It would be counterproductive to describe in detail each service here. Refer to the specified RFC for details.

 

The SIP identity


SIP servers are often employed to provide telephony services. However, there is a problem where Public Switched Telephone Network (PSTN) does not support SIP addresses containing domains and alphanumeric characters. To identify a caller identity for the PSTN, a few methods were created and applied.

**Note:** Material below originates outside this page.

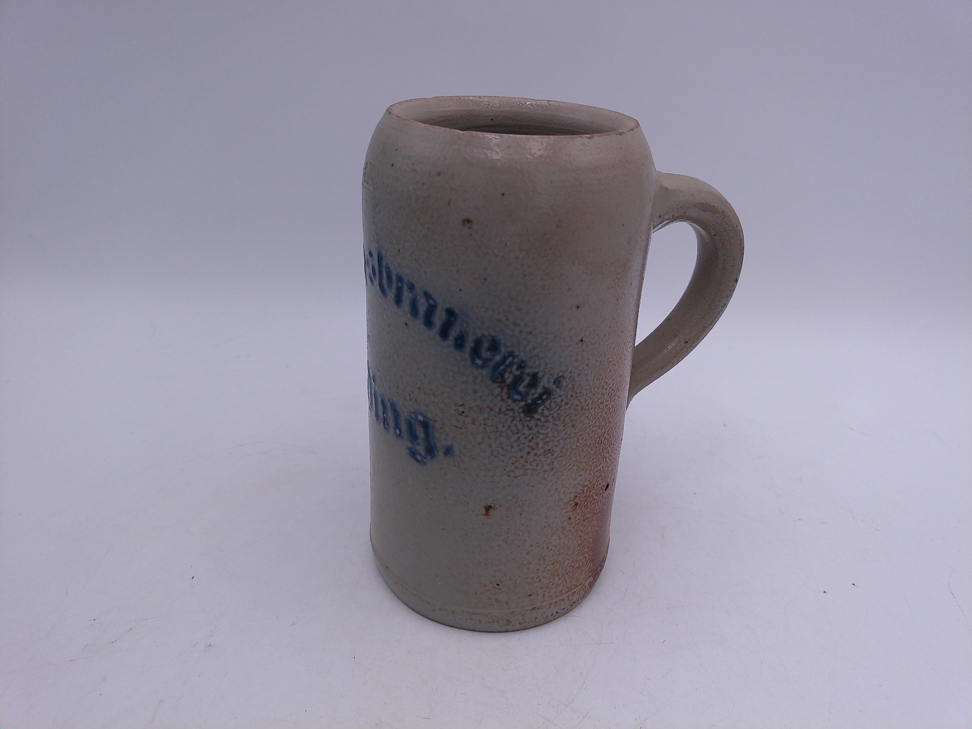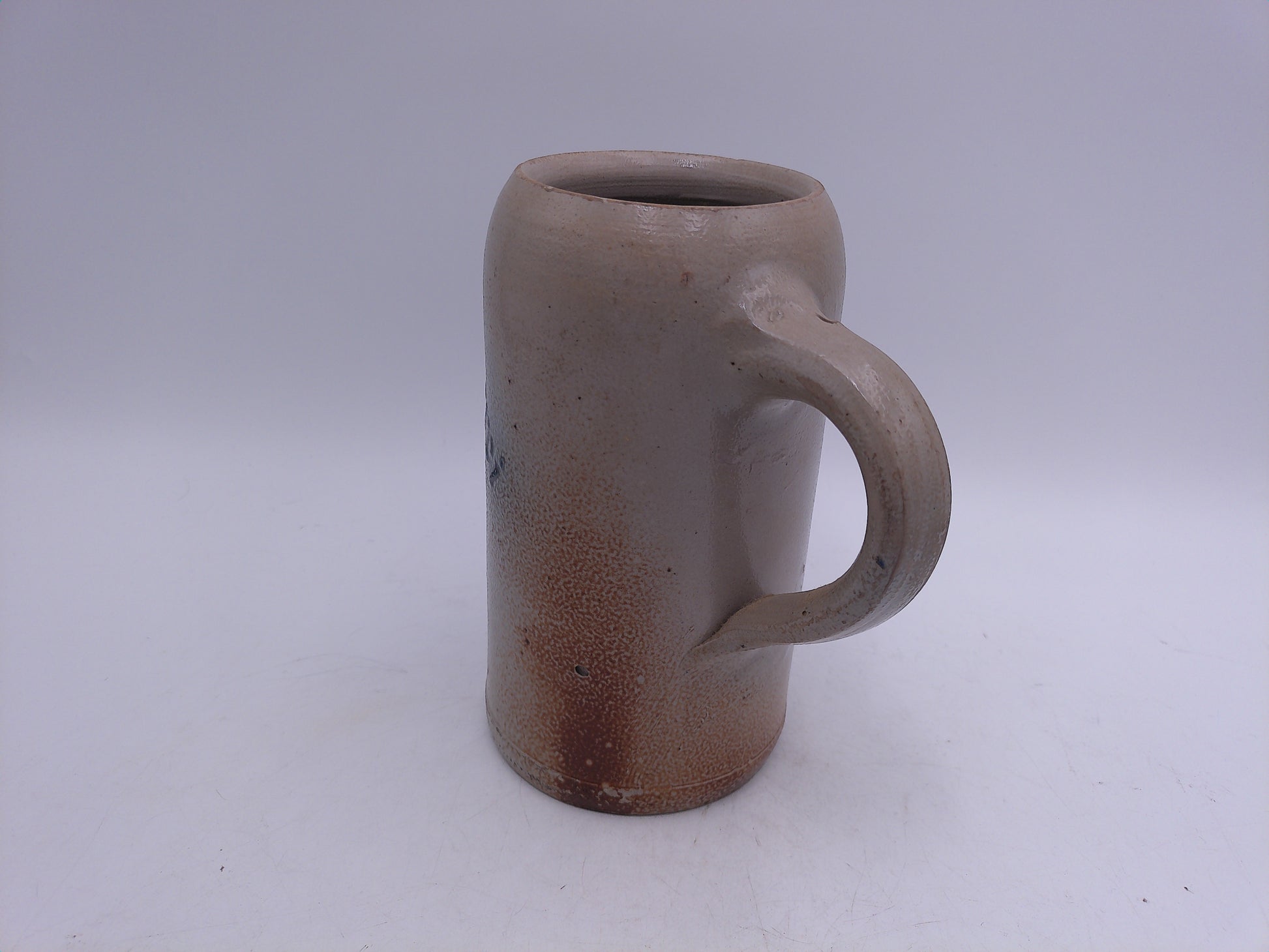 Indulge in the authenticity of this vintage German-made beer stein with a classic blue lettering design. Crafted with quality in mind, this stein is perfect for any beer lover looking to add a touch of nostalgia to their collection. Enjoy your favorite brew in style.

The draft-ietf-sip-privacy-04 document describes the Remote-Party-ID header. While it has never became a standard, it is still quite popular among gateway manufacturers and service providers. See the following example:

Remote-Party-ID: "John" <sip:[email protected]>; party=calling; id-type=subscriber; privacy=full; screen=yes

The preceding header sets the caller ID number as +554833328560 and caller name as "John"; it is a subscriber in the proxy, the identity was verified (screen=yes), and the number should not be present in the destination's terminal (privacy=full). The draft specifies additional features and how to handle privacy requests. For the purposes of this book, Remote-Party-IDs will be used just for caller ID presentation.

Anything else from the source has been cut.